Many people who have prediabetes don't know they have it. Without intervention or lifestyle changes, prediabetes will likely become type 2 diabetes. Our Diabetes Educator discusses the issue and talks about the importance of education.
Will millennial babies grow up to become the "Diabetes Generation"?
One in three children born in the year 2000 will develop Type 2 diabetes, said Patricia Trymbiski, DNP, CDE, BC-ADM. She is a certified Diabetes Educator with the Doylestown Health Diabetes Center.
Before developing full-blown diabetes, they'll probably develop prediabetes, the precursor to one of America's most debilitating chronic illnesses. People with prediabetes have higher-than-normal blood glucose levels but not high enough yet to be considered type 2 diabetes.
Several years ago, the term "prediabetes" was unknown. People with high enough blood sugar levels were considered "borderline" diabetics. "It has only been in the last four or five years that this condition was given an actual diagnosis," said Pat. "When people heard 'borderline' they thought, 'I don't have diabetes, so I'm not worried'."
Prediabetes raises a person's risk for developing serious health issues including stroke and heart disease.
More than 86 million Americans are living with prediabetes, but almost 90 percent of them are unaware of it. "Prediabetes does not have any symptoms," said Pat. "By the time symptoms develop, the person already has diabetes."
People with prediabetes are at high risk of developing type 2 diabetes. According to research, most people with prediabetes will develop type 2 diabetes within 10 years. Type 2 diabetes accounts for about 90 percent of diabetes cases in the U.S., where diabetes is the seventh leading cause of death.
Still, people can look at their risk factors and take action to prevent or delay diabetes.
Prediabetes Risk Factors
- Weight (being overweight or obese)
- Physically inactive (the less active, greater the risk)
- Age (over 45)
- Family history of type 2 diabetes (parent or sibling)
"People with prediabetes need to make lifestyle changes, lose weight and establish healthy habits," said Pat.
The American Diabetes Association recommends losing 7 percent of your body weight and exercising 30 minutes a day, five days a week. A healthy weight, healthy diet and exercise can help a person with prediabetes delay or slow the progression to type 2 diabetes by 54 percent.
Pat recommends talking to your doctor if you are 45 or older, overweight and have a family history of type 2 diabetes.
To raise awareness of prediabetes as a critical and serious medical condition, the American Medical Association and the Centers for Disease Control and Prevention are partnering with the goal of preventing Type 2 diabetes in the U.S. Prevent Diabetes STAT stands for Screen, Test, Act – Today.
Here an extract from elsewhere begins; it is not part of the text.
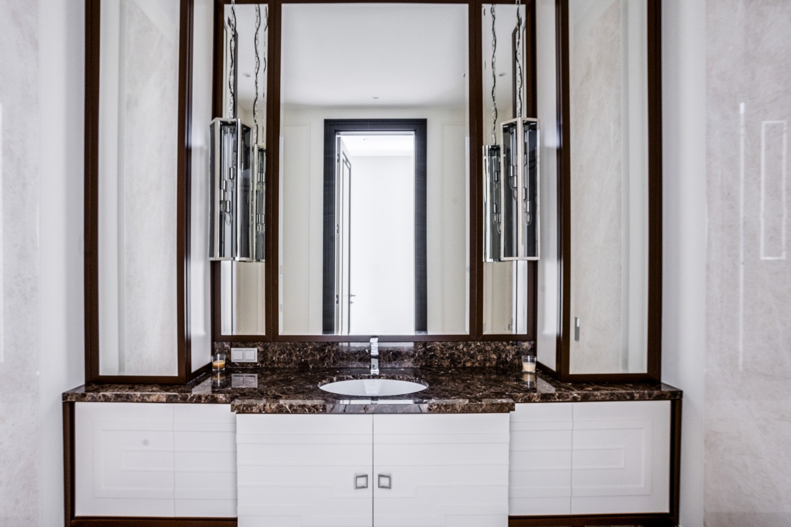 Три спальни с гардеробными, санузлами и балконами, где можно создать собственные уголки для семьи.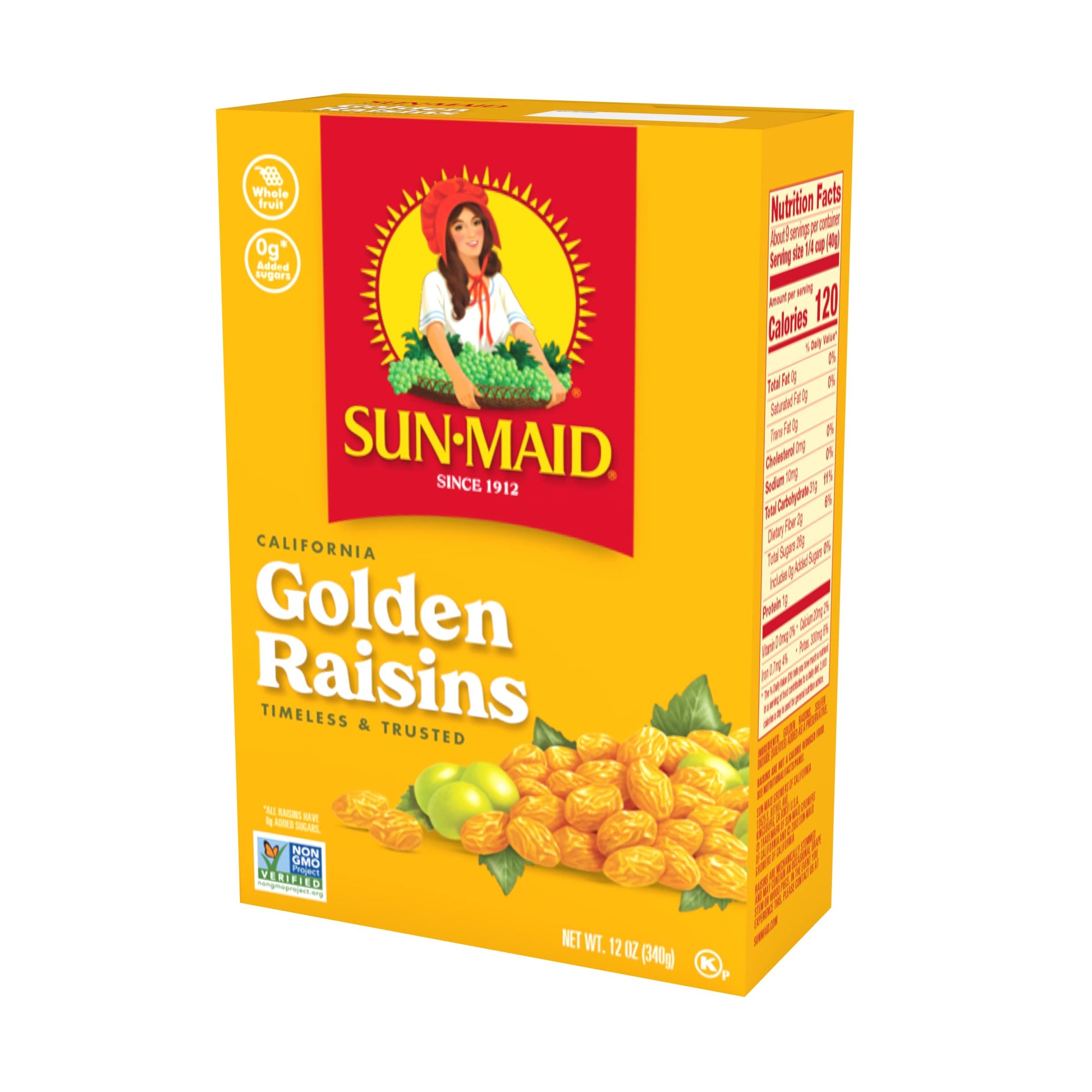 Sun-Maid Golden Raisins timeless and trusted goodness has been a classically delicious dried fruit snack for kids and grown-up kids alike since 1912. Plump, fruity, golden nuggets of goodness, Sun-Maid Golden Raisins are an all-time favorite for their tangy sweetness. So, whether you re baking or snacking on the go, enjoy a snack as timeless as the moment you re in.Delicious Sun-Maid Golden Raisins are a convenient and tasty low fat snack with 120 calories per serving. Due to the dehydration that takes place in dried fruits, raisins have more concentrated nutrition levels than grapes, making them a wholesome and easy snack for kids and adults alike.

Diabetes Classes and Education
Doylestown Health offers prediabetes classes to educate people about their condition and ways to help manage it. There are two classes, and each class costs $40. Topics in Class 1 include physical activity, weight loss, meal planning and blood glucose monitoring. The class includes a free glucose monitor and instructions on how to use it.
Class 2 is led by a Doylestown Health dietitian, and reviews meal plans, food labels, and shopping for and preparing healthy meals.
Doylestown Health also offers Diabetes Education, a diabetes support group and an insulin pump support group.
About Doylestown Health's Diabetes Services
Doylestown Health Diabetes Services is committed to providing patients and their families with the highest quality care. Our skilled team offers a wide array of services, including diabetes medication management, continuous glucose monitoring, support groups and education classes. We take a collaborative approach to care, working with specialists in various disciplines to deliver personalized treatment, designed to meet each individual's needs.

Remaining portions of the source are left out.